##### PROVIDED ENTRIES
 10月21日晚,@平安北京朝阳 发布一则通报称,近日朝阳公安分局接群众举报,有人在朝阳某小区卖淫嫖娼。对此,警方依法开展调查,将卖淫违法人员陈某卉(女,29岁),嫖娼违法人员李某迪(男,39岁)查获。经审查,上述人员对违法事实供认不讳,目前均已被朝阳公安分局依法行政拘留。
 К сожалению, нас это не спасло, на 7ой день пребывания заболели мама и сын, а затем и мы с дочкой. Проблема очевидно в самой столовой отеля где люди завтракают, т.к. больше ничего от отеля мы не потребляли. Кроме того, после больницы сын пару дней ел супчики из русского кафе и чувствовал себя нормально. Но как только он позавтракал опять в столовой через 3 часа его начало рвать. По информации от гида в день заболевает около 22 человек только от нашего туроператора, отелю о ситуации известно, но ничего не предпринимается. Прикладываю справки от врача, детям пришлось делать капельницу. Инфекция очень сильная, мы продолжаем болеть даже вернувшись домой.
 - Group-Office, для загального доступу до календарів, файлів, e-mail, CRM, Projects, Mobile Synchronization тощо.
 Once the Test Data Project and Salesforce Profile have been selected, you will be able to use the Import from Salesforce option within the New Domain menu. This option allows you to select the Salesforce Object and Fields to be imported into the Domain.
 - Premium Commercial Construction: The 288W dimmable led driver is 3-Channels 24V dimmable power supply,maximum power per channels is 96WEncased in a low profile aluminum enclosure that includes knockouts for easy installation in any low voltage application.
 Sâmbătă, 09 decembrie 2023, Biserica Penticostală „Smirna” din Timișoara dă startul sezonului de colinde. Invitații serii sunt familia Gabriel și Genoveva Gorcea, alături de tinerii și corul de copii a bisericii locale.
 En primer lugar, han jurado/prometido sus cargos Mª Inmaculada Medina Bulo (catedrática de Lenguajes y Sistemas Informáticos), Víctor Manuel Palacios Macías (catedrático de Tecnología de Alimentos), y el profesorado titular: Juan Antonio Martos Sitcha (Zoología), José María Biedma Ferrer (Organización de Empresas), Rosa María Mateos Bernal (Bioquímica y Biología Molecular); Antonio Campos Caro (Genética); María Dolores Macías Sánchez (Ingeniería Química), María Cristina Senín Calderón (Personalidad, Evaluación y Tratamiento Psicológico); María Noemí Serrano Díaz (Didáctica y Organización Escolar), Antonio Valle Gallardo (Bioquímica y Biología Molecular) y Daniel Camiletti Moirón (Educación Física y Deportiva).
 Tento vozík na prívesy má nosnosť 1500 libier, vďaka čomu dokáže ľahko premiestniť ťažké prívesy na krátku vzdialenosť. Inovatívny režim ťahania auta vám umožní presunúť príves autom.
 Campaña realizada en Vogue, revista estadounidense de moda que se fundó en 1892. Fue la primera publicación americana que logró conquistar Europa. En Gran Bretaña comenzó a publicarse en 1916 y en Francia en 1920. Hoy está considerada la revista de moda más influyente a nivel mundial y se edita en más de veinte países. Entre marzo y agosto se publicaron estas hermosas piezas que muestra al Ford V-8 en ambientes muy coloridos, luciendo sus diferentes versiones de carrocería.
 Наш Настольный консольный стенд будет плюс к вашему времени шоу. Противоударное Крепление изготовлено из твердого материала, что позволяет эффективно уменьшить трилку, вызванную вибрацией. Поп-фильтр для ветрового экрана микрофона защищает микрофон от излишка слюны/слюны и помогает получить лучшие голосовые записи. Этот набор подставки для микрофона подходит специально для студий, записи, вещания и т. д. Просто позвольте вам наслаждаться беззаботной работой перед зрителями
##########
EXERCISE BRIEF ▸ Would you write out each entry precisely as it is given?

ANSWER TO THIS PROBLEM ▸
 10月21日晚,@平安北京朝阳 发布一则通报称,近日朝阳公安分局接群众举报,有人在朝阳某小区卖淫嫖娼。对此,警方依法开展调查,将卖淫违法人员陈某卉(女,29岁),嫖娼违法人员李某迪(男,39岁)查获。经审查,上述人员对违法事实供认不讳,目前均已被朝阳公安分局依法行政拘留。
 К сожалению, нас это не спасло, на 7ой день пребывания заболели мама и сын, а затем и мы с дочкой. Проблема очевидно в самой столовой отеля где люди завтракают, т.к. больше ничего от отеля мы не потребляли. Кроме того, после больницы сын пару дней ел супчики из русского кафе и чувствовал себя нормально. Но как только он позавтракал опять в столовой через 3 часа его начало рвать. По информации от гида в день заболевает около 22 человек только от нашего туроператора, отелю о ситуации известно, но ничего не предпринимается. Прикладываю справки от врача, детям пришлось делать капельницу. Инфекция очень сильная, мы продолжаем болеть даже вернувшись домой.
 - Group-Office, для загального доступу до календарів, файлів, e-mail, CRM, Projects, Mobile Synchronization тощо.
 Once the Test Data Project and Salesforce Profile have been selected, you will be able to use the Import from Salesforce option within the New Domain menu. This option allows you to select the Salesforce Object and Fields to be imported into the Domain.
 - Premium Commercial Construction: The 288W dimmable led driver is 3-Channels 24V dimmable power supply,maximum power per channels is 96WEncased in a low profile aluminum enclosure that includes knockouts for easy installation in any low voltage application.
 Sâmbătă, 09 decembrie 2023, Biserica Penticostală „Smirna” din Timișoara dă startul sezonului de colinde. Invitații serii sunt familia Gabriel și Genoveva Gorcea, alături de tinerii și corul de copii a bisericii locale.
 En primer lugar, han jurado/prometido sus cargos Mª Inmaculada Medina Bulo (catedrática de Lenguajes y Sistemas Informáticos), Víctor Manuel Palacios Macías (catedrático de Tecnología de Alimentos), y el profesorado titular: Juan Antonio Martos Sitcha (Zoología), José María Biedma Ferrer (Organización de Empresas), Rosa María Mateos Bernal (Bioquímica y Biología Molecular); Antonio Campos Caro (Genética); María Dolores Macías Sánchez (Ingeniería Química), María Cristina Senín Calderón (Personalidad, Evaluación y Tratamiento Psicológico); María Noemí Serrano Díaz (Didáctica y Organización Escolar), Antonio Valle Gallardo (Bioquímica y Biología Molecular) y Daniel Camiletti Moirón (Educación Física y Deportiva).
 Tento vozík na prívesy má nosnosť 1500 libier, vďaka čomu dokáže ľahko premiestniť ťažké prívesy na krátku vzdialenosť. Inovatívny režim ťahania auta vám umožní presunúť príves autom.
 Campaña realizada en Vogue, revista estadounidense de moda que se fundó en 1892. Fue la primera publicación americana que logró conquistar Europa. En Gran Bretaña comenzó a publicarse en 1916 y en Francia en 1920. Hoy está considerada la revista de moda más influyente a nivel mundial y se edita en más de veinte países. Entre marzo y agosto se publicaron estas hermosas piezas que muestra al Ford V-8 en ambientes muy coloridos, luciendo sus diferentes versiones de carrocería.
 Наш Настольный консольный стенд будет плюс к вашему времени шоу. Противоударное Крепление изготовлено из твердого материала, что позволяет эффективно уменьшить трилку, вызванную вибрацией. Поп-фильтр для ветрового экрана микрофона защищает микрофон от излишка слюны/слюны и помогает получить лучшие голосовые записи. Этот набор подставки для микрофона подходит специально для студий, записи, вещания и т. д. Просто позвольте вам наслаждаться беззаботной работой перед зрителями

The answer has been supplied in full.